_TASK STATEMENT_
Repeat exactly the lines of the entries below from the one with "2023年第一季度原子套利和" through the one with "Waterproof woven synthetic", both ends included, and nothing else.

_DATA FOR ANALYSIS_
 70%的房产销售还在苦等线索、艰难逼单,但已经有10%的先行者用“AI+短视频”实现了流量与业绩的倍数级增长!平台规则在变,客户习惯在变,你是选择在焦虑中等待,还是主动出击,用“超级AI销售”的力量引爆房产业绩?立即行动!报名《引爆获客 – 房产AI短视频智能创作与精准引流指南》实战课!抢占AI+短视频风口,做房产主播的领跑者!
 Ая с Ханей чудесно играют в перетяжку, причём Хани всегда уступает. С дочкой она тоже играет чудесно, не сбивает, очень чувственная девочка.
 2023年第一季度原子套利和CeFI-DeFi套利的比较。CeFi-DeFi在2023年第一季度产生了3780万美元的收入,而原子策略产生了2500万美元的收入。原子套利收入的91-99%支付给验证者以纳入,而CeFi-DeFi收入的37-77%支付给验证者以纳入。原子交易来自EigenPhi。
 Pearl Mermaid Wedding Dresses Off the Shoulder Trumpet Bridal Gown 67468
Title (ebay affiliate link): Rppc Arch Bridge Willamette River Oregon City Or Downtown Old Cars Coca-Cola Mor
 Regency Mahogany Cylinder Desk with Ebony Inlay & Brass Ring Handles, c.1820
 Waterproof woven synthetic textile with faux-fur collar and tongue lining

* * *

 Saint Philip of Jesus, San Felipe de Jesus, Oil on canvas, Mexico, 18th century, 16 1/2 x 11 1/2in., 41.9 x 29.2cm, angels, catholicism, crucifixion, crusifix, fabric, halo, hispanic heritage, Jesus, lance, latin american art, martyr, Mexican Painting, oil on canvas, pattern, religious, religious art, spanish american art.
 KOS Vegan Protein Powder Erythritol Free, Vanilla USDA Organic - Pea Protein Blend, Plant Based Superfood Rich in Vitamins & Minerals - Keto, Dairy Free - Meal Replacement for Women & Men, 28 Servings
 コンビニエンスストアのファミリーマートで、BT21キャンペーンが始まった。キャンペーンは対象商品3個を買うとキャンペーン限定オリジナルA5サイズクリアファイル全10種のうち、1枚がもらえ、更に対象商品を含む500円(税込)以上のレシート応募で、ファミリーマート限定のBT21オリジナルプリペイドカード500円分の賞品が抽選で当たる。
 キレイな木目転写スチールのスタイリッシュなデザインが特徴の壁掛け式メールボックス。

_RESPONSE_
 2023年第一季度原子套利和CeFI-DeFi套利的比较。CeFi-DeFi在2023年第一季度产生了3780万美元的收入,而原子策略产生了2500万美元的收入。原子套利收入的91-99%支付给验证者以纳入,而CeFi-DeFi收入的37-77%支付给验证者以纳入。原子交易来自EigenPhi。
 Pearl Mermaid Wedding Dresses Off the Shoulder Trumpet Bridal Gown 67468
Title (ebay affiliate link): Rppc Arch Bridge Willamette River Oregon City Or Downtown Old Cars Coca-Cola Mor
 Regency Mahogany Cylinder Desk with Ebony Inlay & Brass Ring Handles, c.1820
 Waterproof woven synthetic textile with faux-fur collar and tongue lining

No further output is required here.